Cutworm (Agrotis spp.)
These are the caterpillars, 20-50mm long, of two species of noctuid moth - Agrotis ypsilon (greasy cutworm) and Agrotis segetum (turnip moth) which attack the stems of seedlings and young plants at ground level at night.
Females lay the eggs on all parts of the plant. A fortnight later, the caterpillars emerge, feeding on the leaves for a fortnight before moving into the surface layer of the soil. They feed here for a month or two before pupating in the soil to emerge as moths a fortnight later.
They are more common in dry, light soil and can be seen in the soil around the plants at night and can be recognised by the way they bend into a crescent ('C') shape when disturbed.
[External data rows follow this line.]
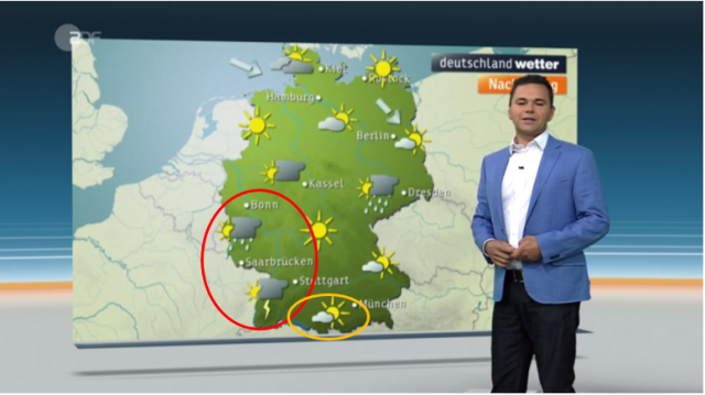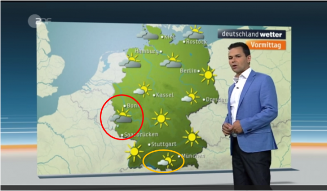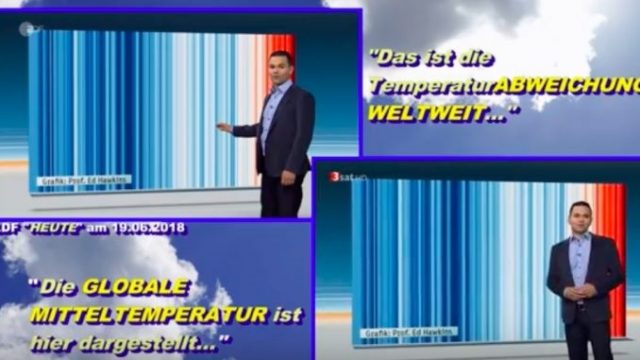 Über die Wetterfrösche des ZDF hat der Autor in diversen Artikeln dargelegt, was von deren Arbeiten und Verlautbarungen zu halten ist, hier und hier. In seinem jüngsten Artikel „Denk ich an Deutschland in der Nacht, dann bin ich um den Schlaf gebracht“ zeigte der Autor, wie die Darbietungen des Youngsters bei den ZDF-Wetterfröschen, Herrn Terli, einzuordnen sind. Herr Terli ist der, der so gerne, wohl mangels besserer Kenntnisse, bunte Bildchen verwendet und damit Meteorologie oder gar Wissenschaft mit einem Trödelmarkt verwechselt (Abb.2).
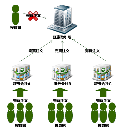 投資家は証券会社に対して株式の売買注文を出し、それを証券会社が仲介する形で証券取引所へと売買注文を出します。その上で証券取引所内で株式の売買が成立します。
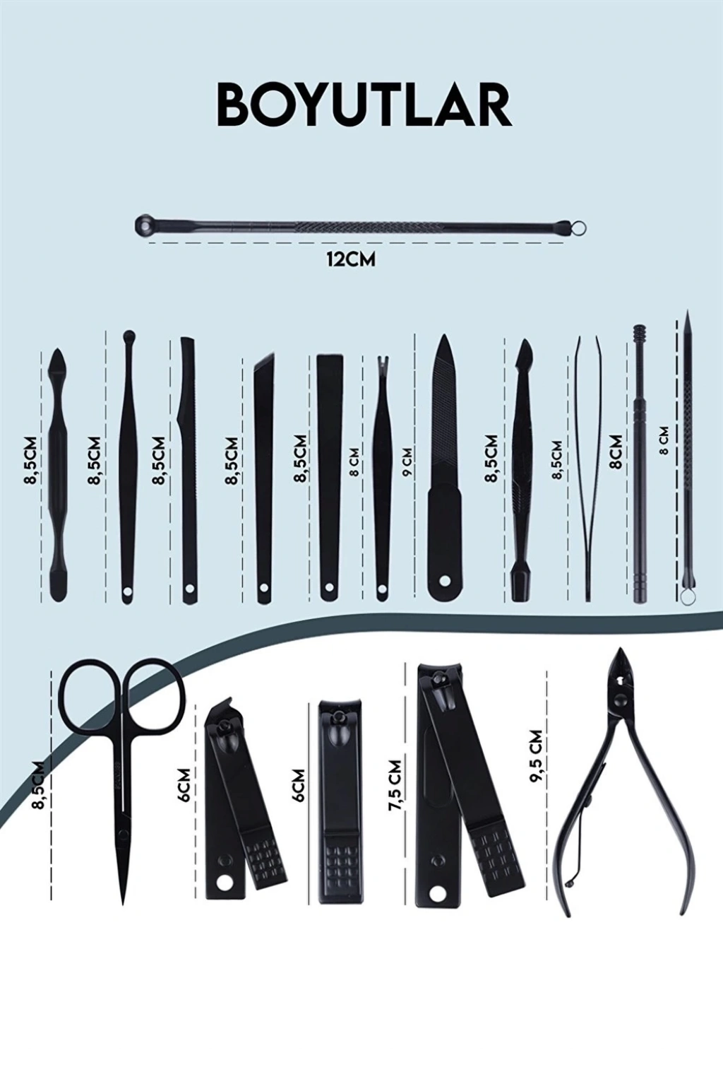 • 1 büyük tırnak makası1 küçük tırnak makası1 sivri uç tırnak makası ( Tırnaklara şekil vermek için )1 çift uçlu komedon1 törpü1 et ittirici1 çift taraflı tırnak kaldırma aleti1 makas1 pedikür bıçağı ( ayak tabanları için )1 çarpraz pedikür bıçağı ( ayak tabakları için )1 kavisli pedikür bıçağı ( ayak tabanları için )1 V şeklinde et itme ( Tırnak çevresinde ki ölü deriyi temizleme )1 itme çubuğu ( Tırnak içinde ki ve çevresinde ki kirleri temizler )1 tırnak temizleme 1 cımbız1 iğneli komedon1 kulak temizleme
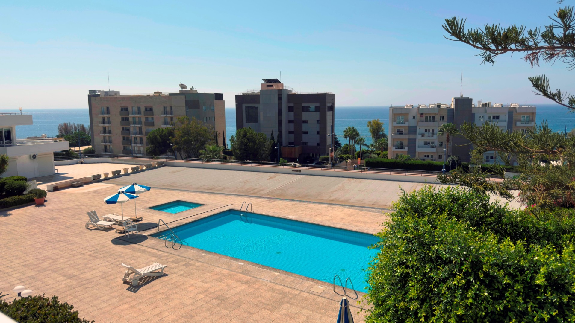 This resale apartment is located in Agios Tychonas, Limassol and offers a covered area of 120 sq.m. The property features two bedrooms and a covered veranda of 25 sq.m., providing additional outdoor living space. One parking space is included.
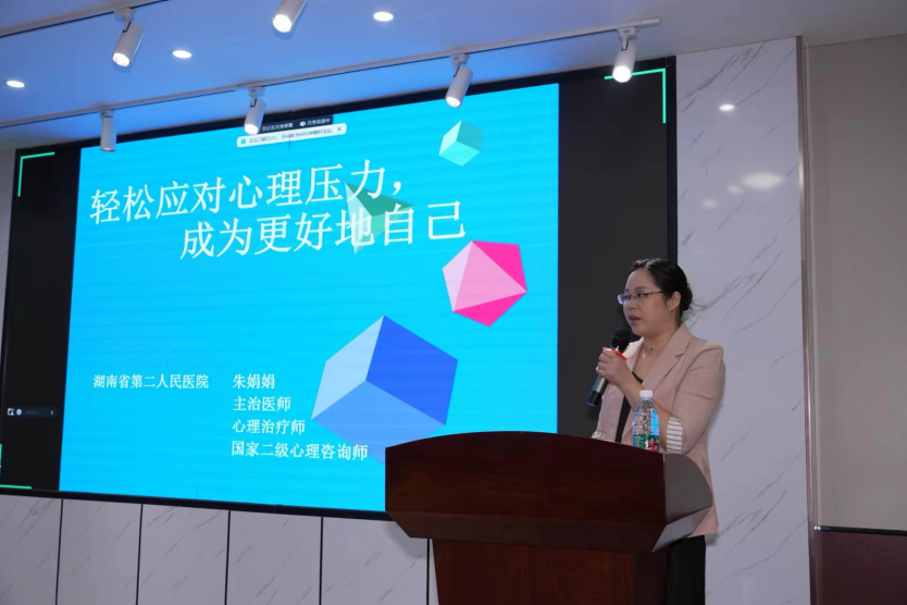 5月20日晚,国际工学院、卓越工程师学院、外国语学院在文科楼D207联合开展主题为“大学生压力及情绪管理”的朋辈培训专题讲座。本次讲座由湖南省第二人民医院主治医师、国家二级心理咨询师朱娟娟主讲。
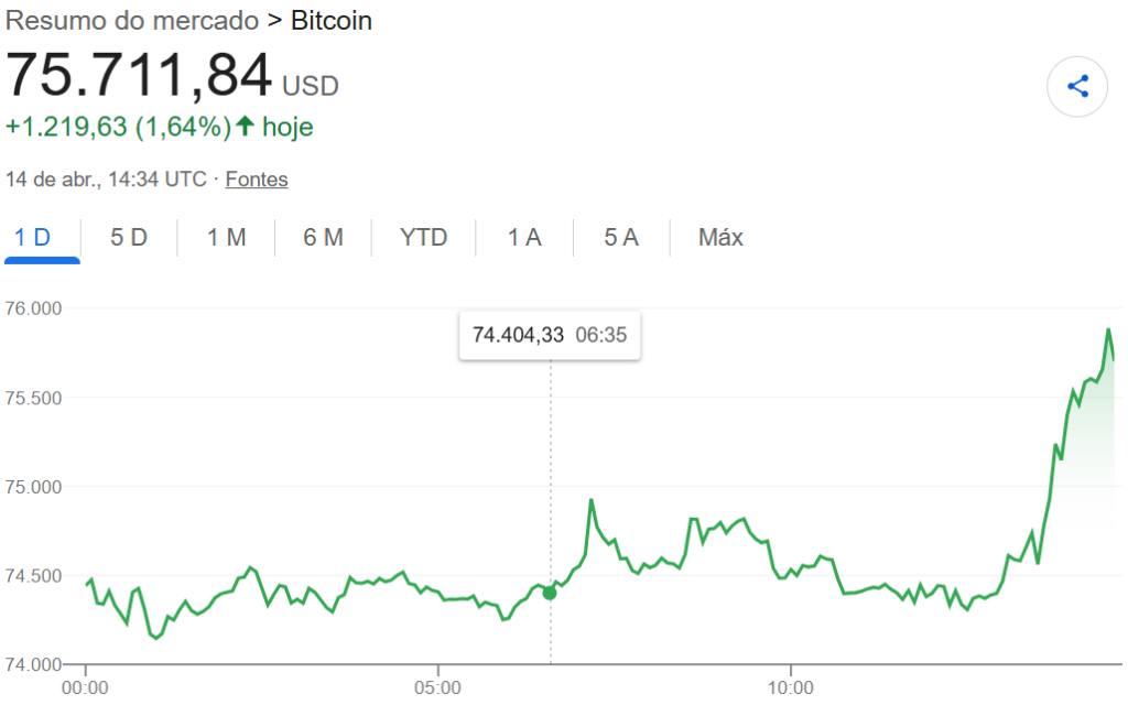 Na manhã de hoje, o Bitcoin hoje registrava alta de 5,3%, cotado a US$ 74.524. Em reais, a criptomoeda era negociada a R$ 372.321, segundo dados do Portal do Bitcoin.
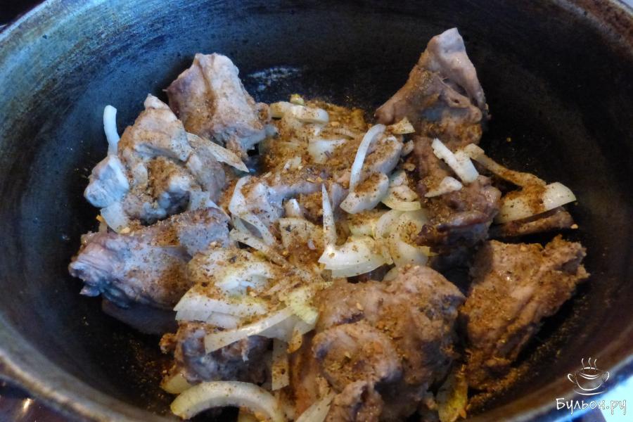7. Затем снять крышку, перемешать, посмотреть не пригорает ли мясо. Если жидкость выпарилась и мясо начало приставать к казану, добавьте полстакана горячей кипяченой воды. Закройте крышку и тушите еще 30 минут.

- Sudden wilting through partial damage or even complete severing of the stem at soil level.
Prevention & control
- Young plants are less vulnerable than seedlings so avoid direct sowing if badly affected
- Encourage predatory insects through mulching
- Where it is a known problem, sow more seedlings than you need to allow for losses
- Pick them off plants or from the soil at night - search around the base of newly toppled seedlings
- Turn the soil over well after cropping to expose caterpillars and pupae to predatory birds
- Young plants can also be protected by collars - old loo rolls, tin cans with both ends removed, section of drainpipe, etc. - which are sunk a few cm into the soil.